Negli esperimenti è stata utilizzata una camera oscurata e schermata dall’esterno. Questa camera è avvolta da un insieme di tre gruppi, uno dentro l’altro, di spire quadrate ortogonali percorse da corrente, diventando di fatto un grande campo magnetico. Questo apparato serve per manipolare in un ambiente protetto e controllato il campo magnetico terrestre. I partecipanti sedevano a occhi chiusi all’interno della stanza, rivolti verso il Nord. Nella camera il campo magnetico veniva ruotato oppure rimaneva fisso in una certa direzione o ancora non veniva applicata alcuna manipolazione del campo magnetico terrestre. All’inizio e alla fine dell’esperimento venivano inviati segnali sonori.

In base ai risultati dell’elettroencefalografia, i ricercatori hanno osservato una diminuzione, in alcuni partecipanti, di specifiche onde cerebrali. In generale tutte queste onde sono la manifestazione cerebrale dell’attività elettrica ripetitiva del tessuto nervoso. In particolare, calavano le onde alfa, caratterizzate da una frequenza che va dagli 8 ai 13,9 hertz, proprie dello stato di veglia ad occhi chiusi e che precedono l’addormentamento. Hanno infatti una frequenza più bassa rispetto a quella delle onde beta (dai 14 ai 30 hertz) associate alla veglia e a un’attività cerebrale intensa.

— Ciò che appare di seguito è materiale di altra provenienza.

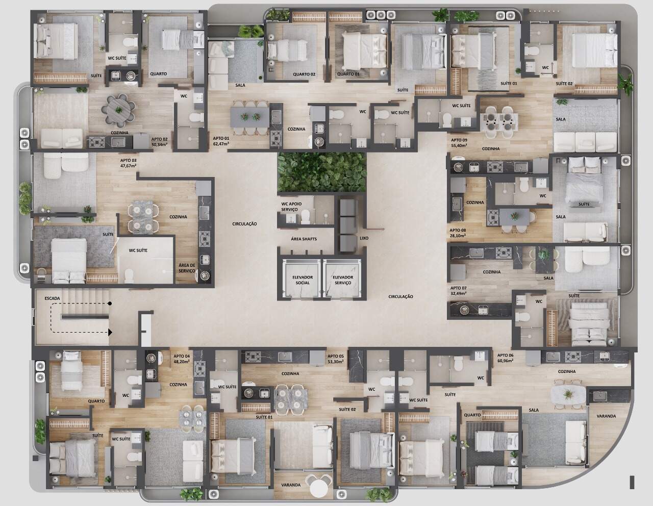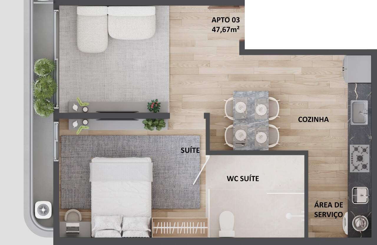 Com opções de plantas diferentes, sendo; Apartamentos com 46m² a 47m² possuindo um quarto, banheiro social, sala de estar/jantar e cozinha com área de serviço integrada.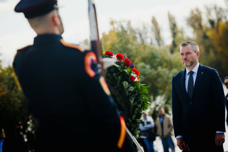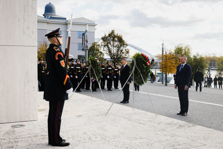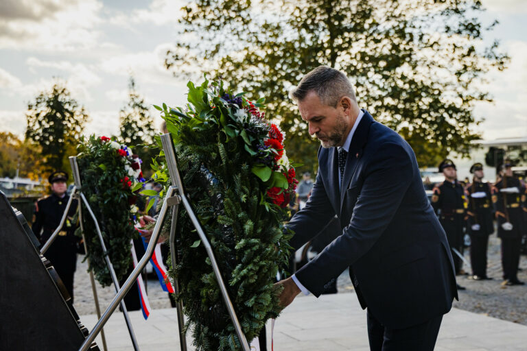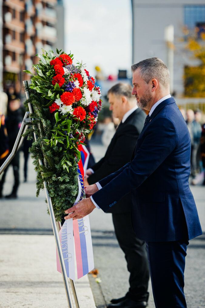 Prezident SR Peter Pellegrini (v popredí) počas položenia venca k Pamätníku československej štátnosti na Vajanského nábreží v Bratislave pri príležitosti 107. výročia Dňa vzniku samostatného Česko-Slovenska. Bratislava, 28. október 2025. Foto: SITA/Kancelária prezidenta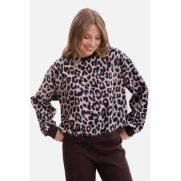 65% polyester 30% wiskoza 5% elastan MATERIÁL Materiál: kartáčovaná pletenina s potiskem, měkká a příjemná na dotek, s jemným vlasem PODROBNOSTI O PRODUKTU Zapínání: žádné - slip-on styl Límec: žádný, kulatý výstřih Kapsy: žádné Rukávy: dlouhé, rozmáchlé, zakončené žebrovanými manžetami Detaily: žebrovaný lem a manžety Podšívka: žádná Model: B303 Navrženo a vyrobeno v Polsku z látky vyrobené v Polsku Modelka na fotografii měří 171 cm a má na sobě velikost S/M STYL A STŘIH Střih: volná, klasická mikina Tvar: rovný, uvolněný, mírně oversized Délka: po boky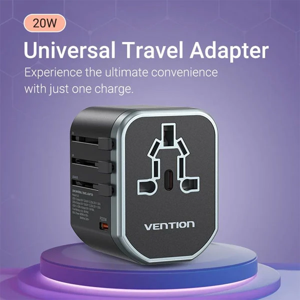Vention FJCB0 3-Port USB 20W Universal Travel Adapter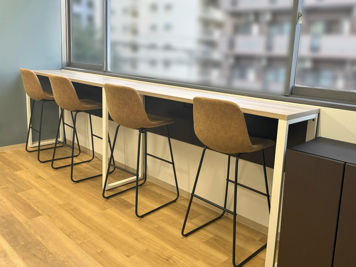 窓際にカウンターテーブルとチェアを設置し、自然光と外の景色を眺めながら休憩や気分転換ができるようにしました。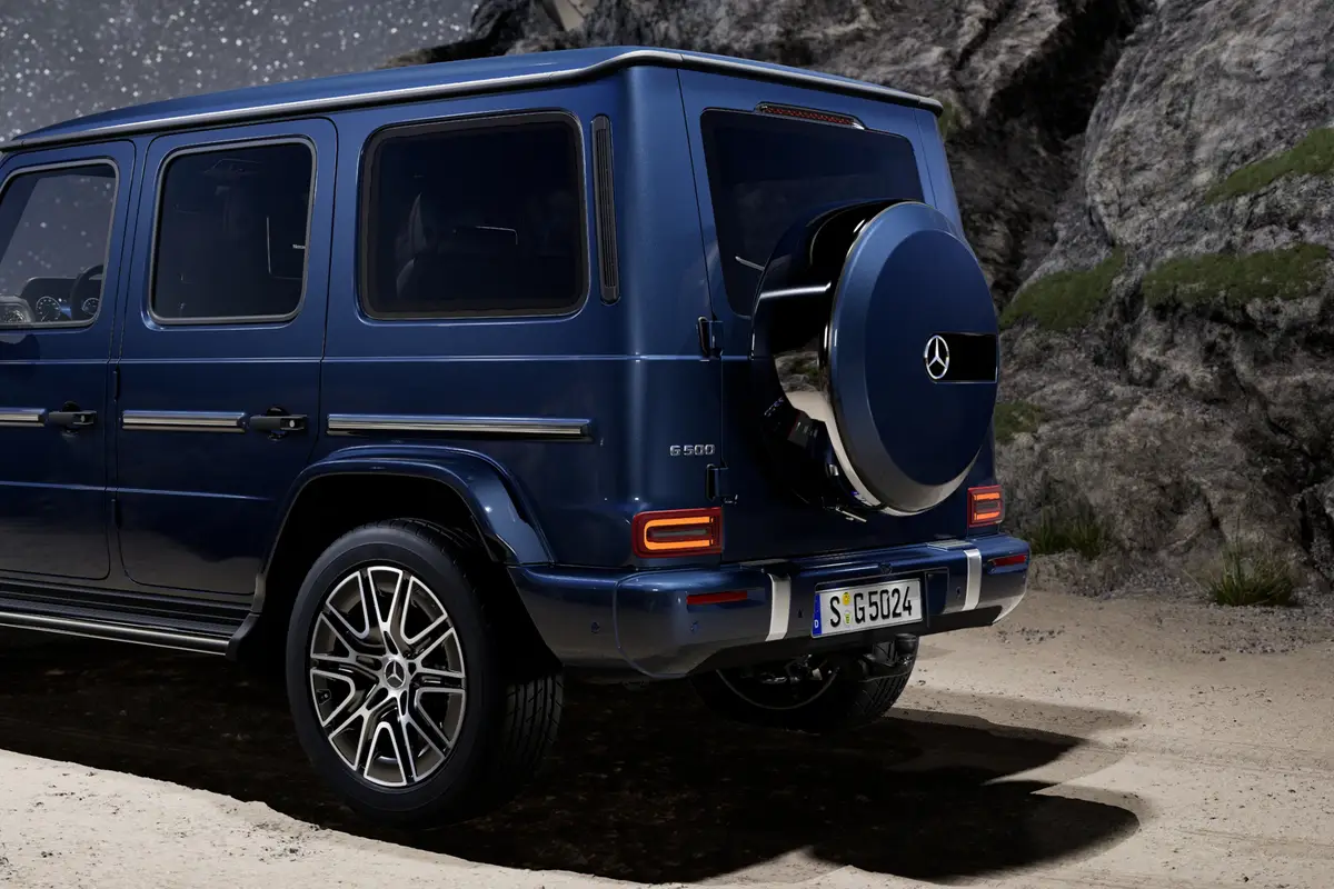З першого погляду G-Wagen заявляє про готовність до пригод: міцна й ефективна конструкція передньої частини та новий дизайн решітки радіатора підкреслюють силу моделі. Вишуканий вигляд обвісу кузова посилює її культовий статус, роблячи образ ще більш виразним і переконливим на дорозі.

Questa riduzione delle onde alfa è stato riprodotta più di una volta nei partecipanti che hanno mostrato una risposta maggiore: dunque il fenomeno è risultato riproducibile. Secondo gli autori, i dati supportano l’idea che nell’essere umano il meccanismo sia simile a quanto avviene negli animali soggetti alla magnetoricezione, come gli uccelli migratori. La riduzione della banda alfa delle onde cerebrali, scrivono gli autori nello studio, è una chiara firma neurale dell’elaborazione, a livello della corteccia cerebrale, dello stimolo geomagnetico. Anche se ancora il significato funzionale, ovvero la funzione di questa risposta cerebrale, è ancora sconosciuto.

Il prossimo passo potrebbe essere quello di studiare ancora più in profondità la magnetoricezione nell’essere umano, in diverse popolazioni, per capire in che modo funziona questa antica abilità, che lavora, come una sorta di sesto senso per il campo magnetico terrestre. Una strada da percorrere potrebbe essere quella di capire come si è evoluta la magnetoricezione e come funziona a livello individuale.